AWS has developed an Amazon Redshift connector for Python (here is the GitHub repo) that helps in the process.

In order to install it on may install from the source

git clone https://github.com/aws/amazon-redshift-python-driver.git
cd redshift_connector
pip install .

Or from the binary using PyPi

pip install redshift_connector

Or Conda

conda install -c conda-forge redshift_connector

Here is an example

import redshift_connector

# Connects to Redshift cluster using AWS credentials
conn = redshift_connector.connect(
    host='examplecluster.abc123xyz789.us-west-1.redshift.amazonaws.com',
    database='dev',
    user='awsuser',
    password='my_password'
 )

cursor: redshift_connector.Cursor = conn.cursor()
cursor.execute("create Temp table book(bookname varchar,author varchar)")
cursor.executemany("insert into book (bookname, author) values (%s, %s)",
                    [
                        ('One Hundred Years of Solitude', 'Gabriel García Márquez'),
                        ('A Brief History of Time', 'Stephen Hawking')
                    ]
                  )
cursor.execute("select * from book")

result: tuple = cursor.fetchall()
print(result)
>> (['One Hundred Years of Solitude', 'Gabriel García Márquez'], ['A Brief History of Time', 'Stephen Hawking'])

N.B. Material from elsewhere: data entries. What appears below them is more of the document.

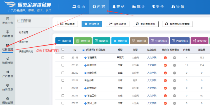 C、點擊【內容】---【欄目管理】----【添加欄目】,可以進入添加欄目管理界面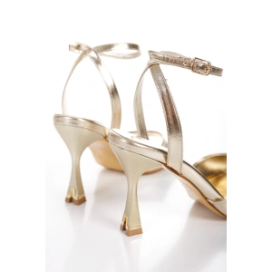 Kadın Altın Metalik Tek Bant Şık İkonik Galvaniz Tasarımlı Topuklu Yazlık Ayakkabı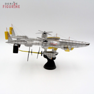 Figurine d'occasion et officielle du Highwind en Cold Cast/Résine d'environ 28 centimètres de long. Une pale de l'hélice et le picot pour la faire tenir ont été recollés. Il s'agit d'un objet d'occasion en parfait état. Le fabricant est Kotobukiya, vendu avec boîte en assez bon état.
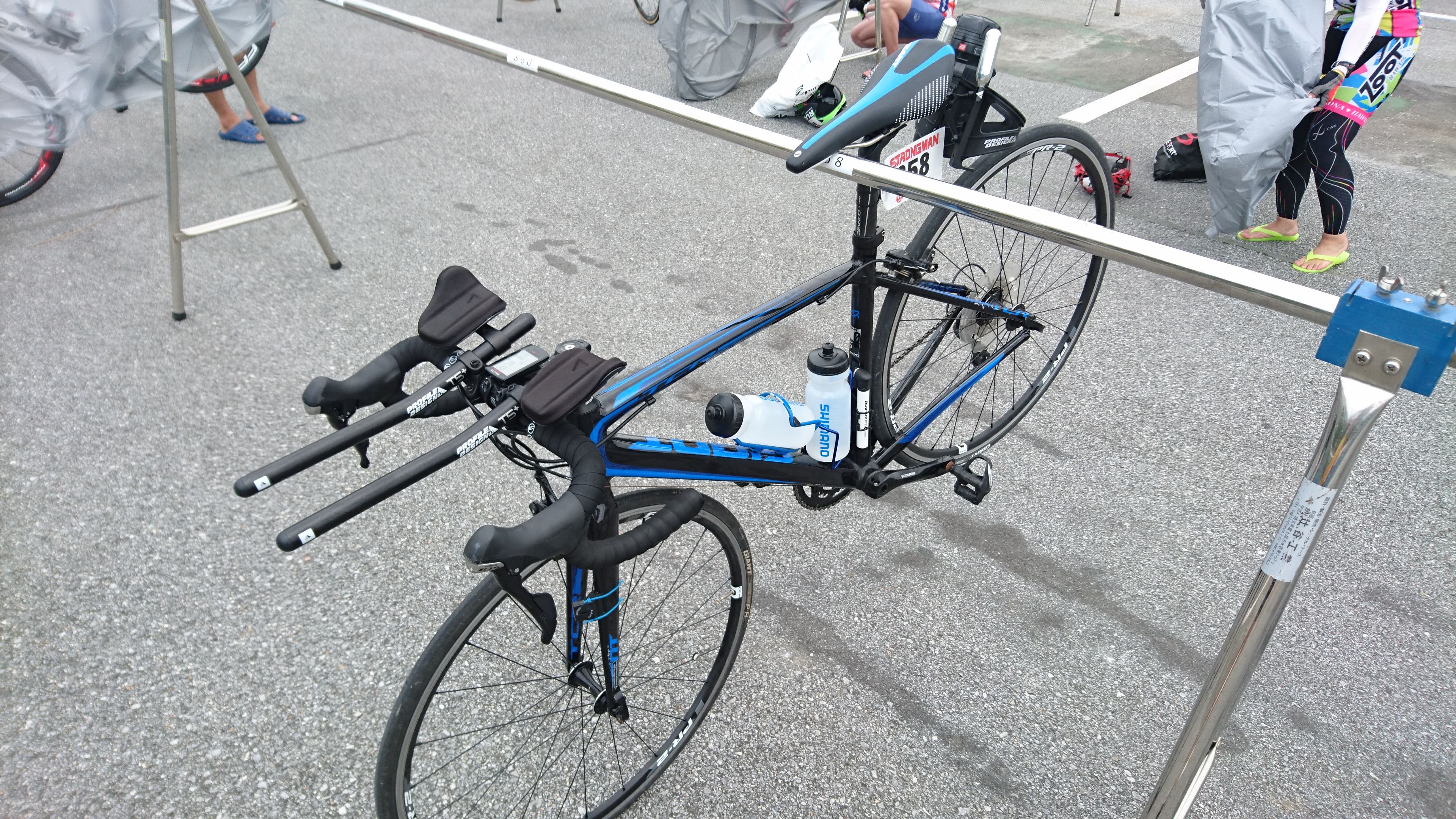 スイムアップをしたあとに利用するバッグから自転車のグッズを一通りおいて、ウェットを着て、いざ入水チェック、レース開始まで少しウォーミングアップをして準備をする形になります。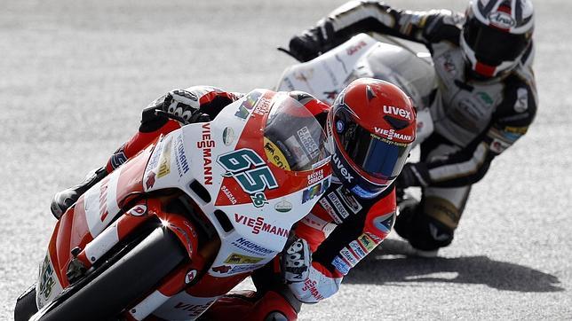 Como ellos, el español Carmelo Morales (Suter) doblegó a Talmacsi y al suizo Dominique Aegerter (Suter) para intentar cazar a la pareja Bradl/Baldolini, pero entró muy pasado en una curva y al intentar rectificar acabó por los suelos. Morales arrancó su moto y continuó en carrera, aunque en la vigésimo primera posición, justo por delante de otro accidentado, el colombiano Yonny Hernández.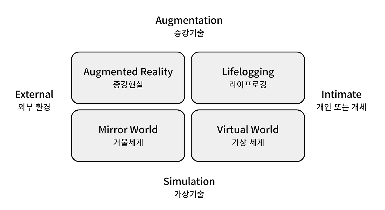 ASF(Acceleration Studies Foundation)는 2006년 메타버스의 유형에 대해서 구현되는 공간이 현실인지, 가상인지, 그리고 구현되는 정보가 외부 환경정보인지, 개인 또는 개체에 대한 정보인지에 따라 증강현실, 라이프로깅, 거울 세계, 가상세계 네 가지로 분류했다(Fig 1).
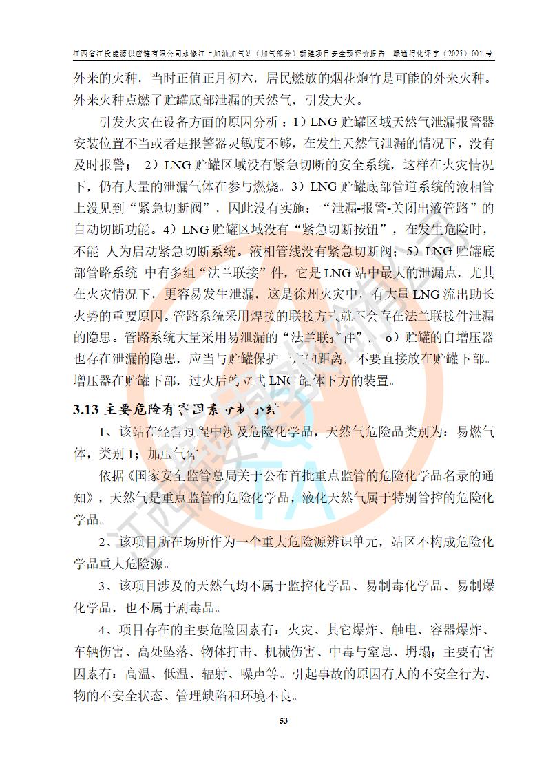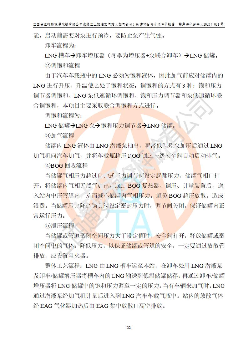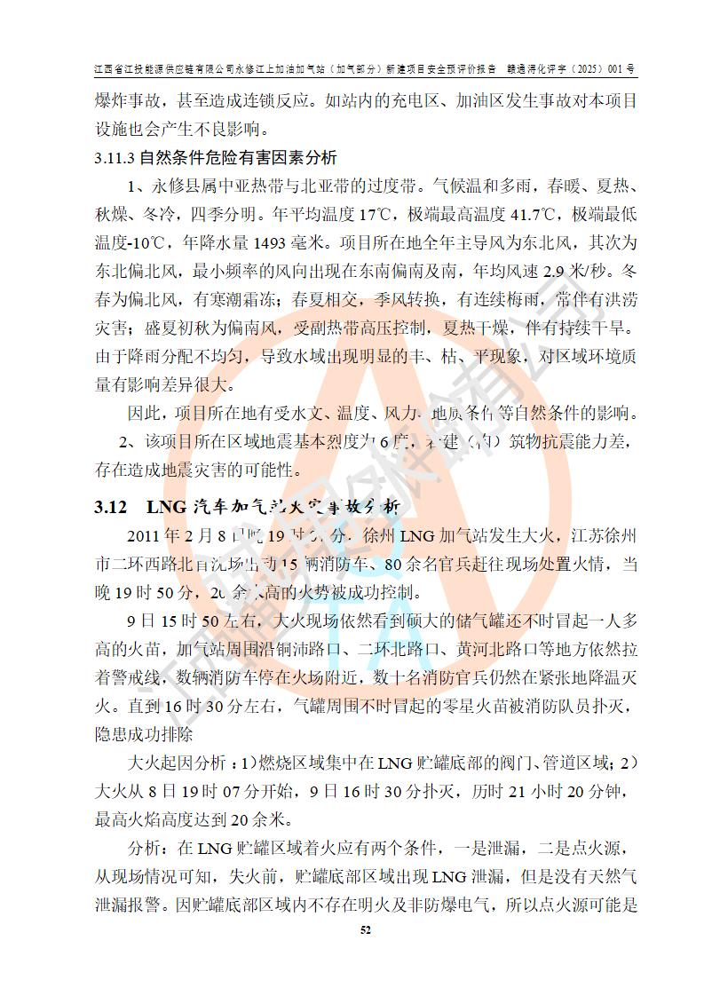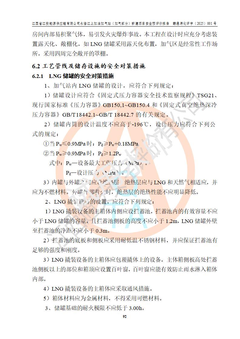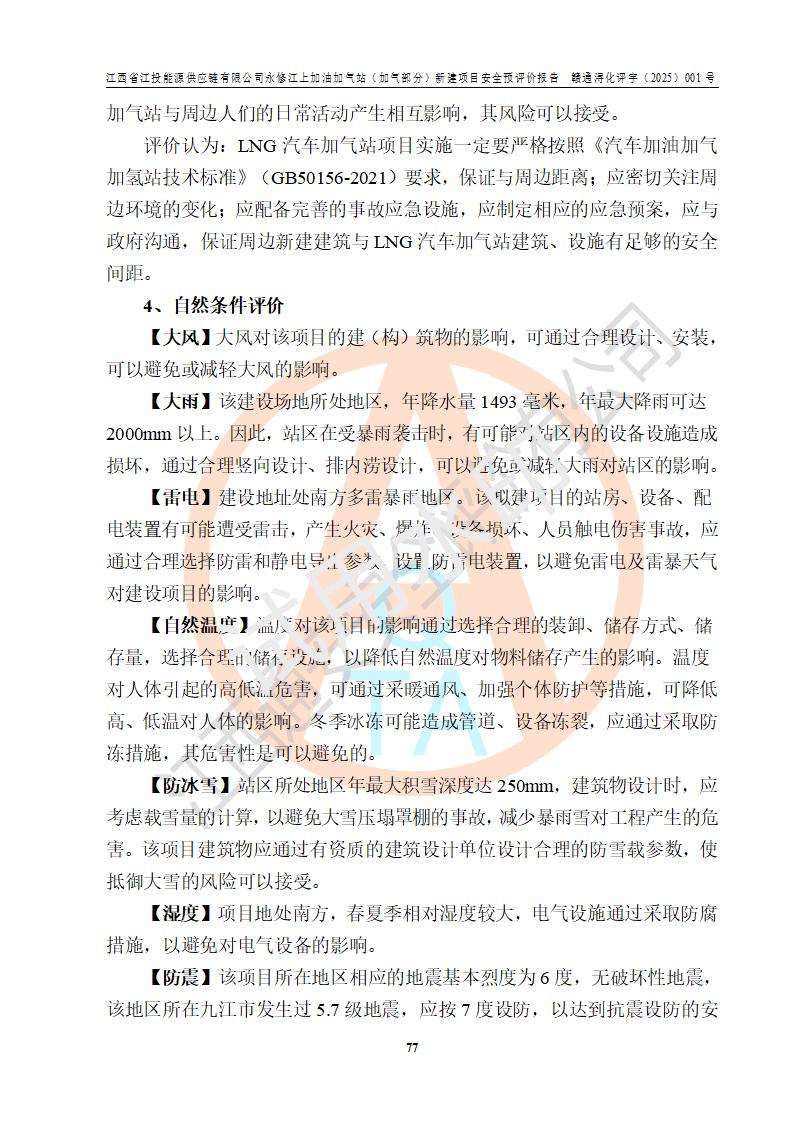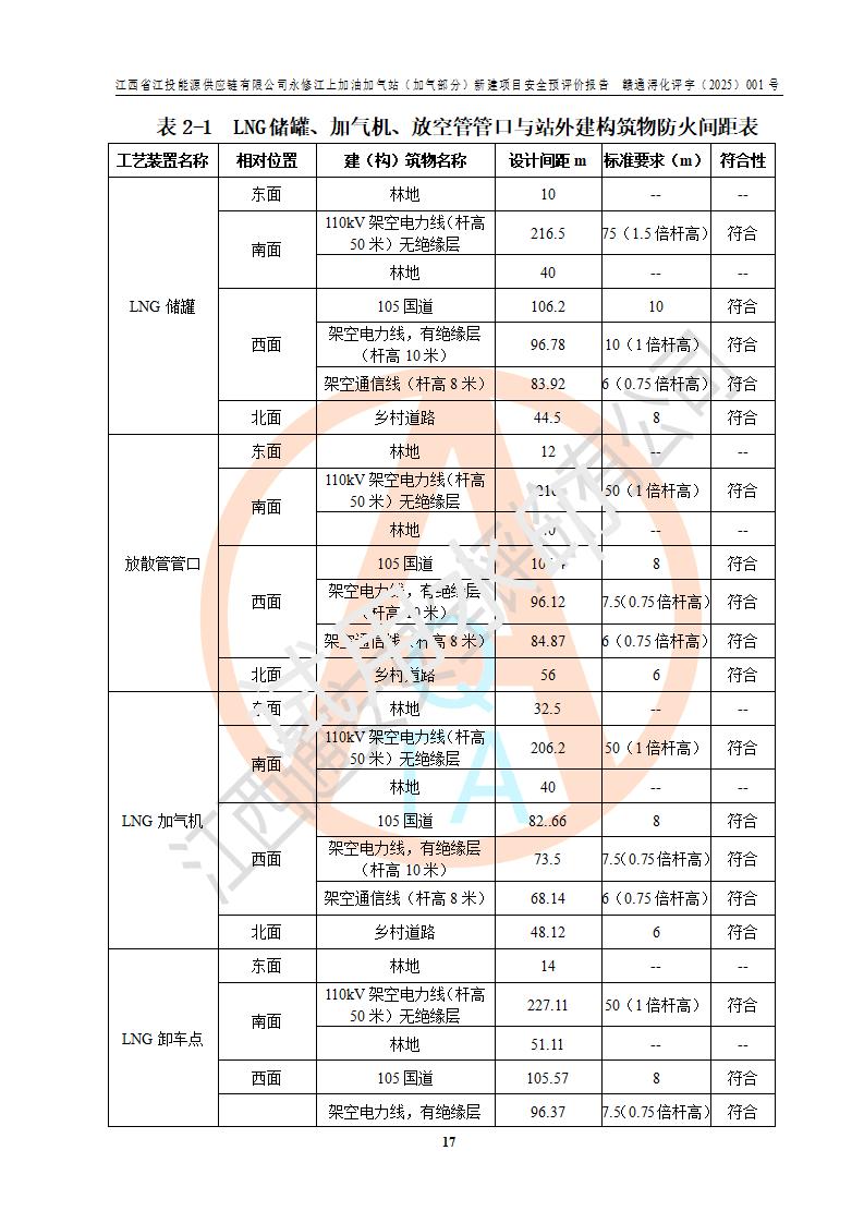 項(xiàng)目簡介 | 江西省江投能源供應(yīng)鏈有限公司是一家專門從事成品油經(jīng)營的有限責(zé)任公司(非自然人投資或控股的法人獨(dú)資),住所在江西省南昌市經(jīng)濟(jì)技術(shù)開發(fā)區(qū)雙港大道中聯(lián)村;現(xiàn)企業(yè)擬投資建設(shè)江西省江投能源供應(yīng)鏈有限公司永修江上加油加氣站新建項(xiàng)目,項(xiàng)目擬建地址在永修縣江上鄉(xiāng)105國道東側(cè),新建項(xiàng)目已取得九江市商務(wù)局網(wǎng)點(diǎn)規(guī)劃確認(rèn)的通知,同時(shí)已取得永修縣行政審批局簽發(fā)的《江西省企業(yè)投資項(xiàng)目備案通知書》,項(xiàng)目統(tǒng)一代碼為2410-360425-04-01-430117,該項(xiàng)目的建設(shè)用地已取得永修縣自然資源局頒發(fā)的不動(dòng)產(chǎn)權(quán)證書:贛(2024)永修縣不動(dòng)產(chǎn)權(quán)第0010955號(hào)。 該項(xiàng)目新建LNG加氣站擬與加油站合并建設(shè),加油站部分不在本次評價(jià)范圍,僅做一般性描述;該項(xiàng)目站房東側(cè)為加氣站罩棚,西側(cè)為加油站罩棚,加氣站罩棚東側(cè)擬設(shè)置LNG撬裝設(shè)備1臺(tái),加油站罐區(qū)擬設(shè)置在站區(qū)東南角,站區(qū)北側(cè)擬設(shè)置停車位,西部2個(gè)停車位擬設(shè)置1臺(tái)**充電樁(2槍),站區(qū)西北角擬設(shè)置一處預(yù)留自動(dòng)洗車機(jī)位置。 該項(xiàng)目新建加油站總用地面積為7160.52m2,屬于加油與LNG加氣合建站。站內(nèi)擬設(shè)60m3LNG臥式儲(chǔ)罐1臺(tái),2臺(tái)LNG單槍加氣機(jī),LNG低溫泵撬1套(2臺(tái)LNG潛液泵、1臺(tái)增壓器、1臺(tái)EAG氣化器),加氣能力為2×104Nm3/d。站內(nèi)加油部分?jǐn)M設(shè)2臺(tái)雙槍潛油泵加油機(jī)、2臺(tái)4槍潛油泵加油機(jī)及配套的工藝管線,擬設(shè)SF油品儲(chǔ)罐4臺(tái),其中30m3的0#柴油儲(chǔ)罐2臺(tái)、30m3的92#汽油儲(chǔ)罐1臺(tái)、30m3的95#汽油儲(chǔ)罐1臺(tái),油罐總?cè)莘e為120m3(折算成汽油容積為90m3),按現(xiàn)行的《汽車加油加氣加氫站技術(shù)標(biāo)準(zhǔn)》表3.0.16的規(guī)定劃分,該站屬二級(jí)加油與LNG加氣合建站。 依據(jù)《中華人民共和國安全生產(chǎn)法》、《燃?xì)饨?jīng)營許可管理辦法》、《城鎮(zhèn)燃?xì)夤芾項(xiàng)l例》等法律和規(guī)定的要求,新建、改建、擴(kuò)建危險(xiǎn)化學(xué)品儲(chǔ)存裝置和設(shè)施的建設(shè)項(xiàng)目安全條件審查(審批、核準(zhǔn)、備案)前,建設(shè)單位應(yīng)當(dāng)選擇有資質(zhì)的安全評價(jià)機(jī)構(gòu)對建設(shè)項(xiàng)目進(jìn)行安全條件評價(jià),以**工程項(xiàng)目的安全設(shè)施與主體工程同時(shí)設(shè)計(jì)、同時(shí)施工、同時(shí)投入使用,為**工程項(xiàng)目在安全生產(chǎn)及安全管理方面符合**及行業(yè)有關(guān)法律法規(guī)及標(biāo)準(zhǔn),江西省江投能源供應(yīng)鏈有限公司委托江西通安安全評價(jià)有限公司承擔(dān)江西省江投能源供應(yīng)鏈有限公司永修江上加油加氣站(加氣部分)新建項(xiàng)目的安全預(yù)評價(jià)。依據(jù)**的相關(guān)法律、法規(guī)及標(biāo)準(zhǔn),該企業(yè)應(yīng)辦理燃?xì)饨?jīng)營許可證。 江西通安安全評價(jià)有限公司接受委托后,成立了評價(jià)組,于2025年2月踏勘了建設(shè)地址。根據(jù)相關(guān)法律、法規(guī)和標(biāo)準(zhǔn)的規(guī)定,按照《安全評價(jià)通則》(AQ8001-2007)、《安全預(yù)評價(jià)導(dǎo)則》(AQ8002-2007)的要求,在資料收集、現(xiàn)場勘探和類比調(diào)查的基礎(chǔ)上,對項(xiàng)目的工程技術(shù)資料進(jìn)行了認(rèn)真分析。建設(shè)項(xiàng)目內(nèi)在的危險(xiǎn)、有害因素對建設(shè)項(xiàng)目周邊單位生產(chǎn)、經(jīng)營活動(dòng)或者居民生活的影響以及建設(shè)項(xiàng)目周邊單位生產(chǎn)、經(jīng)營活動(dòng)或者居民生活對建設(shè)項(xiàng)目的影響等,經(jīng)過定性分析與定量計(jì)算,編制完成了本建設(shè)項(xiàng)目安全預(yù)評價(jià)報(bào)告,為相關(guān)部門實(shí)行安全監(jiān)察、為**相關(guān)部門建設(shè)項(xiàng)目設(shè)立安全審查以及為企業(yè)建設(shè)項(xiàng)目實(shí)施“三同時(shí)”提供安全技術(shù)依據(jù)。 本次安全評價(jià)范圍:江西省江投能源供應(yīng)鏈有限公司永修江上加油加氣站(加氣部分)新建項(xiàng)目的選址、總平面布置、主體裝置和輔助設(shè)施的安全條件,包括經(jīng)營過程中的危險(xiǎn)和危害因素、建設(shè)項(xiàng)目的安全條件以及規(guī)劃設(shè)計(jì)中提出的工藝、設(shè)備設(shè)施的安全可靠性和勞動(dòng)安全管理方面的組織、機(jī)構(gòu)、人員、防護(hù)設(shè)施、作業(yè)環(huán)境及管理制度等。 該項(xiàng)目新建LNG加氣站擬與加油站合并建設(shè),加油站油罐區(qū)、加油區(qū)、充電樁、洗車機(jī)部分不在本次評價(jià)范圍,僅進(jìn)行加油站對LNG加氣站的影響進(jìn)行評價(jià),僅作一般性描述。該新建項(xiàng)目的公用工程、自控系統(tǒng)共用,涉及工程的環(huán)境、消防及職業(yè)衛(wèi)生等問題則應(yīng)執(zhí)行**的有關(guān)規(guī)定及相關(guān)標(biāo)準(zhǔn)。 | ||||||

Note that one of the Connection Parameters one can pass is SSL (If SSL is enabled). The default value is TRUE.

0
Tomas G. On

How about something like this ?

pip3 install pg8000


import pg8000
host =  "***.amazonaws.com"
port = 5439

db_name = "dev"
master_username = "dev"
master_user_password = 'TestPassword1'


connection = pg8000.connect(
    host=host,
    port=port,
    database=db_name,
    user=master_username,
    password=master_user_password,
)
connection.autocommit = True
import uuid
prefix = 'table_'
with connection.cursor() as cursor:
  table_name = f"{prefix}{str(uuid.uuid4())[:4]}"
  tbl_create_sql = f"CREATE TABLE {table_name} (a int, b int);"
  cursor.execute(tbl_create_sql)
  # Step 2: insert a number of rows
  ROWS_TO_INSERT = 5